Department of Psychiatry, University Medical Center Groningen, University of Groningen, Groningen, The Netherlands.
J Affect Disord. 2013 Jul;149(1-3):335-41. doi: 10.1016/j.jad.2013.02.008. Epub 2013 Mar 11.
Randomized controlled trials focusing on the effects of antidepressant treatment in cardiac patients have found modest effects on depressive symptoms but not on cardiac outcomes. A secondary analysis was conducted on data from the Enhancing Recovery in Coronary Heart Disease trial to assess whether changes in somatic or cognitive depressive symptoms following acute MI predicted event-free survival and whether the results differed per treatment arm (cognitive behavior therapy or care as usual).
Patients who met depression criteria and completed the 6th month depression assessment (n=1254) were included in this study. Measurements included demographic and clinical data and the Beck Depression Inventory at baseline and 6 months. The primary endpoint was a composite of recurrent MI and mortality over 2.4 years (standard deviation=0.9 years).

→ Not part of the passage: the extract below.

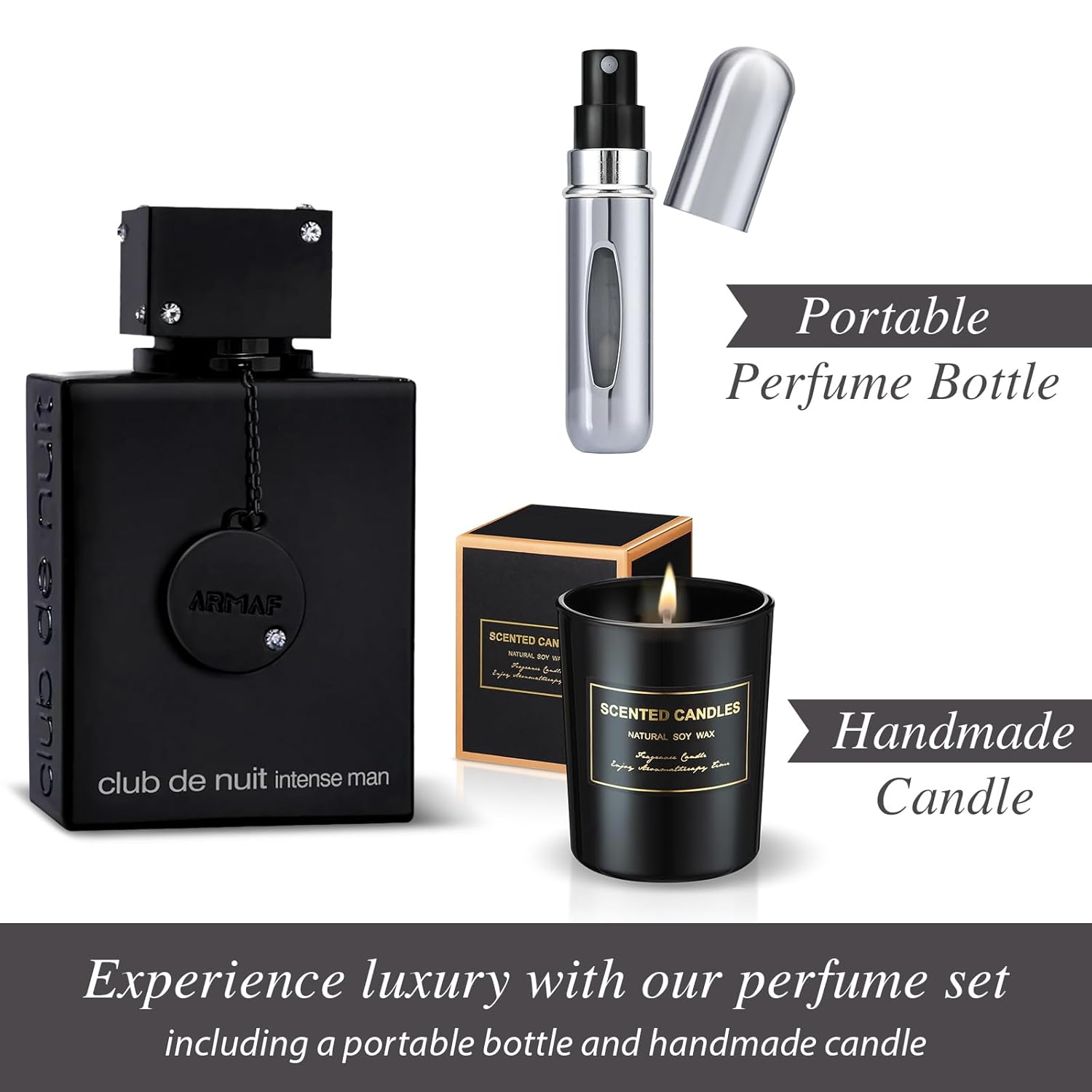 Club De Nuit Intense Perfume For Men 3.4 Oz Edt Spray Eau De Toilette - Gift Set Pack With Scented Soy Candle And Empty Travel Perfume Atomizer

Positive changes (per 1 point increase) in somatic depressive symptoms (HR: 0.95; 95% CI: 0.92-0.98; p=0.001) but not in cognitive depressive symptoms (HR: 0.98; 95% CI: 0.96-1.01; p=0.19) were related to a reduced risk of recurrent MI and mortality after adjustment for baseline depression scores. There was a trend for an interaction effect between changes in somatic depressive symptoms and the intervention (p=0.08). After controlling for demographic and clinical variables, the association between changes in somatic depressive symptoms and event-free survival remained significant in the intervention arm (HR: 0.93; 95% CI: 0.88-0.98; p=0.01) only.
Secondary analyses.
Changes in somatic depressive symptoms, and not cognitive symptoms, were related to improved outcomes in the intervention arm, independent of demographic and clinical variables.

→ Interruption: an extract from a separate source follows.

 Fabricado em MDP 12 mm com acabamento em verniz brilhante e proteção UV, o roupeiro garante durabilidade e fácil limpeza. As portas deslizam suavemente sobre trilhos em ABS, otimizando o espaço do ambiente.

针对抗抑郁治疗对心脏患者影响的随机对照试验发现,抗抑郁治疗对抑郁症状有一定的疗效,但对心脏结局没有影响。本研究对 Enhancing Recovery in Coronary Heart Disease 试验的数据进行了二次分析,以评估急性心肌梗死后躯体或认知性抑郁症状的变化是否预测无事件生存,以及结果是否因治疗臂(认知行为疗法或常规护理)而异。
符合抑郁标准并完成 6 个月抑郁评估的患者(n=1254)被纳入本研究。测量包括人口统计学和临床数据以及基线和 6 个月时的贝克抑郁量表。主要终点是 2.4 年内复发性心肌梗死和死亡率的复合事件(标准差=0.9 年)。
躯体性抑郁症状的阳性变化(每增加 1 分)(HR:0.95;95%CI:0.92-0.98;p=0.001),而认知性抑郁症状的变化(HR:0.98;95%CI:0.96-1.01;p=0.19)与调整基线抑郁评分后的复发性心肌梗死和死亡率降低风险相关。躯体性抑郁症状变化与干预之间存在交互作用的趋势(p=0.08)。在控制人口统计学和临床变量后,躯体性抑郁症状变化与无事件生存的关联在干预组中仍然显著(HR:0.93;95%CI:0.88-0.98;p=0.01)。
二次分析。
躯体性抑郁症状的变化,而不是认知性症状的变化,与干预组的结局改善有关,独立于人口统计学和临床变量。